A true chum was Karim Beg (great-grandson of Munshi Abdul Karim, Queen Victoria’s Urdu teacher). In a tiff over a girlfriend, daughter of a famous bishop, he shot another student in the college hostel. Even the ingenuity of the reputed Barrister Nuruddin Ahmed (thrice mayor of Delhi) could not save him and he was sentenced to life imprisonment but was released for good conduct after 10 years. He married and settled down but fell from a parapet while cleaning a house window and died.

Mirza Arshad Baig (Ladle) was the handsomest bloke of his time and half the college girls were after him, but he had all his affection reserved for his closest friend Marris though his mother misconstrued the friendship.

Ashok Bhai, who was known as Devanand, is still around with his imitation puff, and so is Qadir Mian. However, Kailash Bhai, who sang soulfully — especially the song, “Jane woh kaise log the jinke pyar ko pyar mila” — with his eyes closed, is no more. Also gone is Wajid Mian, who looked and acted like Ghalib.

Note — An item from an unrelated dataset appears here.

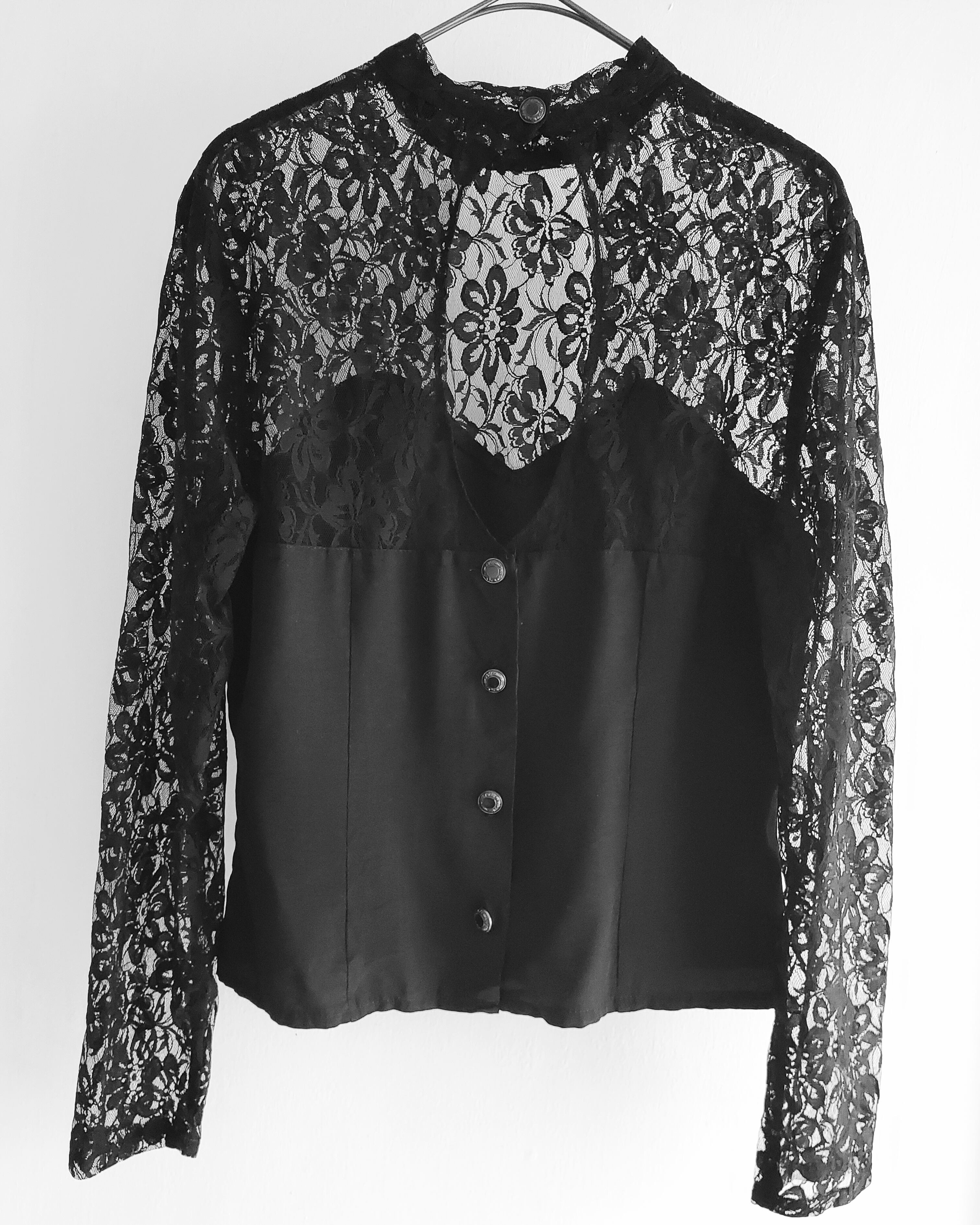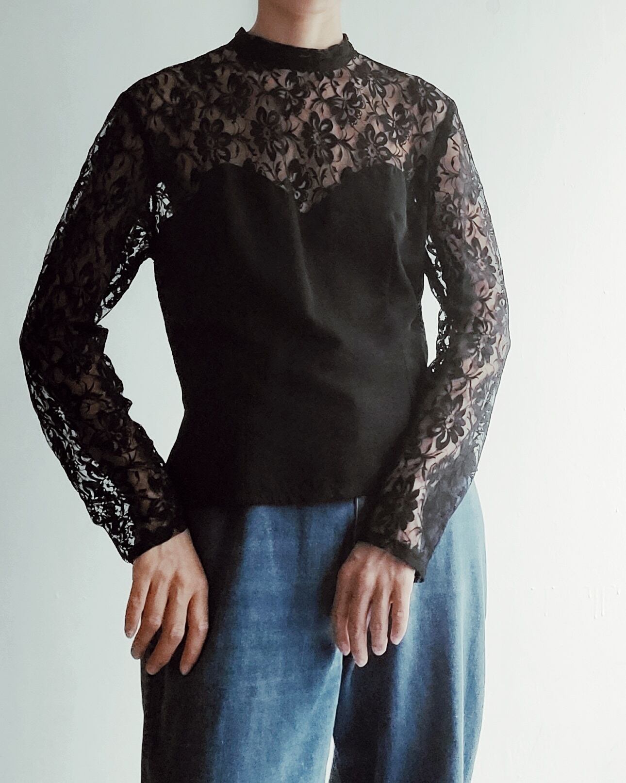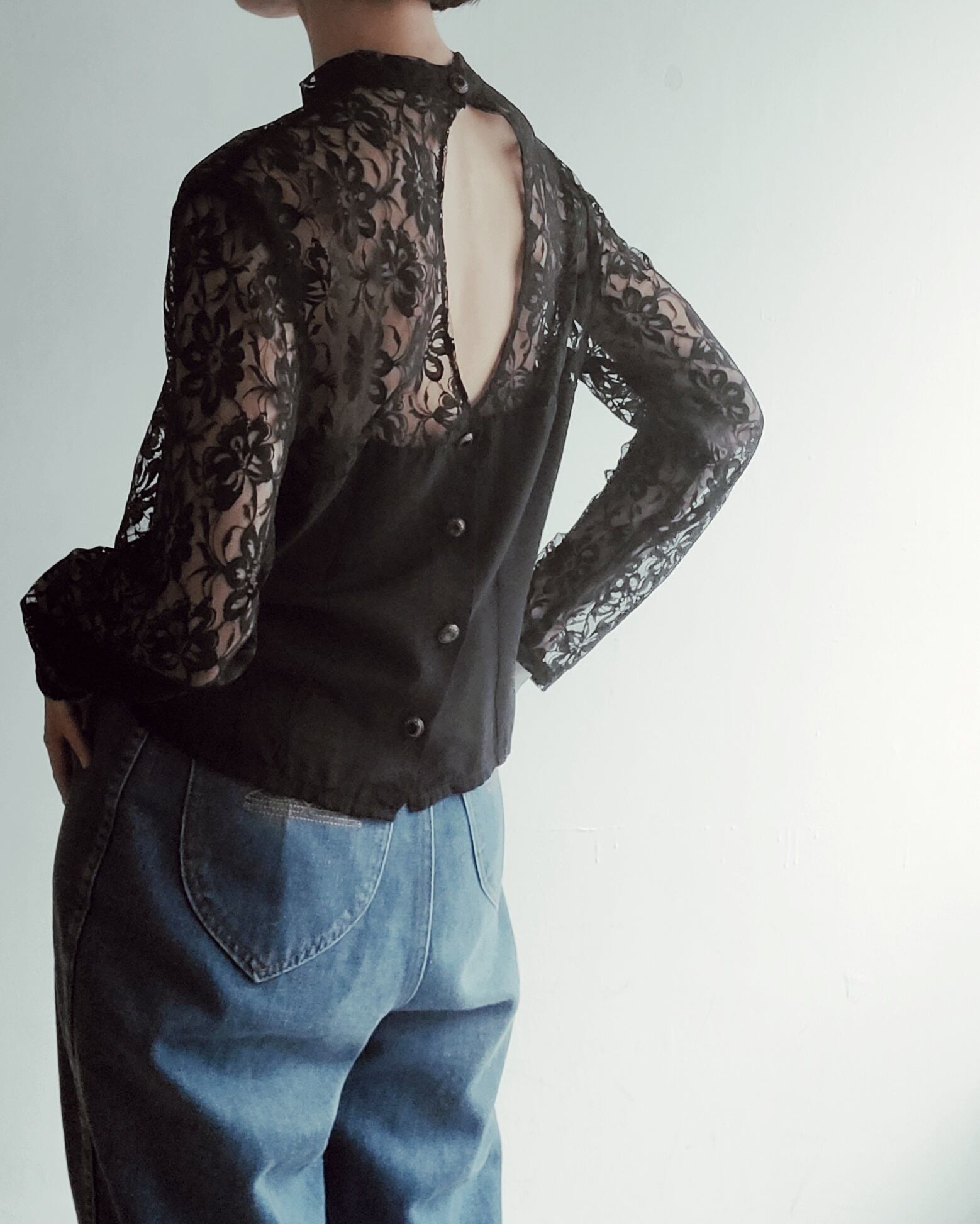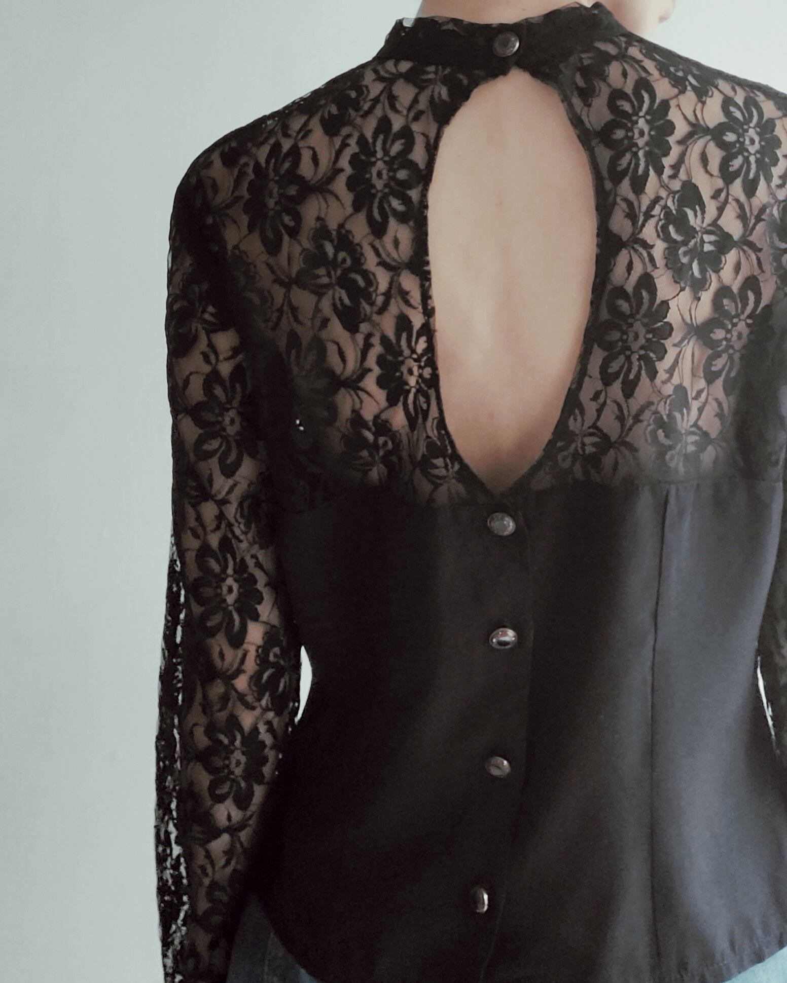 背中が開いたデザインのレーストップ。デコルテから腕にかけてのレースが魅力です。ドレスアップもカジュアルダウンも楽しめるアイテムです。
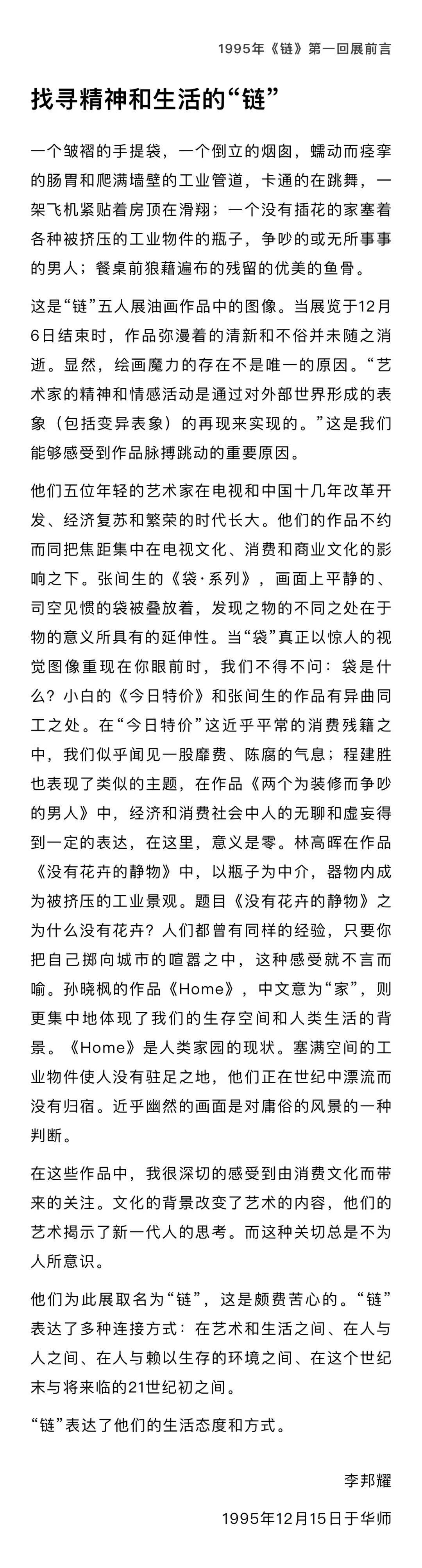 展览题目是李邦耀老师起的,前言也是由他操刀。他的身上,对学生有种的“舐犊之情”般的情感,他总是给予学生无限的包容、耐心和鼓励,对我们这一届,还有后来的江衡、柯济鹏、陈锦潮等学生,无不如是!“链”既是维系、脉络、逻辑,也是牵制,同时也包含着相互带动促进的意思。在学理和情感上皆立得住。今天的这个展览,是未知中的已知,也是已知中的未知!

However, there is no trace of Sahir Bhai, who became a veterinary surgeon and began to be called “Municipality” whenever he came from his dispensary near Arab-ki-Sarai. He was a timid chap, too shy to even give an enema to a horse. Some others are settled in out-of-the-way colonies in Delhi, making the West Nizamuddin oldie moan, “Yaaron ne itni door basai hain bastian” (Alas friends have settled down so far away).

Still these “yaarian” cannot be forgotten and sometimes Shujat Mian gets up in the middle of the night shouting, “Cyril shoot the damn crocodile”. It’s only when the good wife calms him down that Shujat goes back to bed again, muttering, “Kya yaar the aur kya yaarian” (What friends they were and what friendships).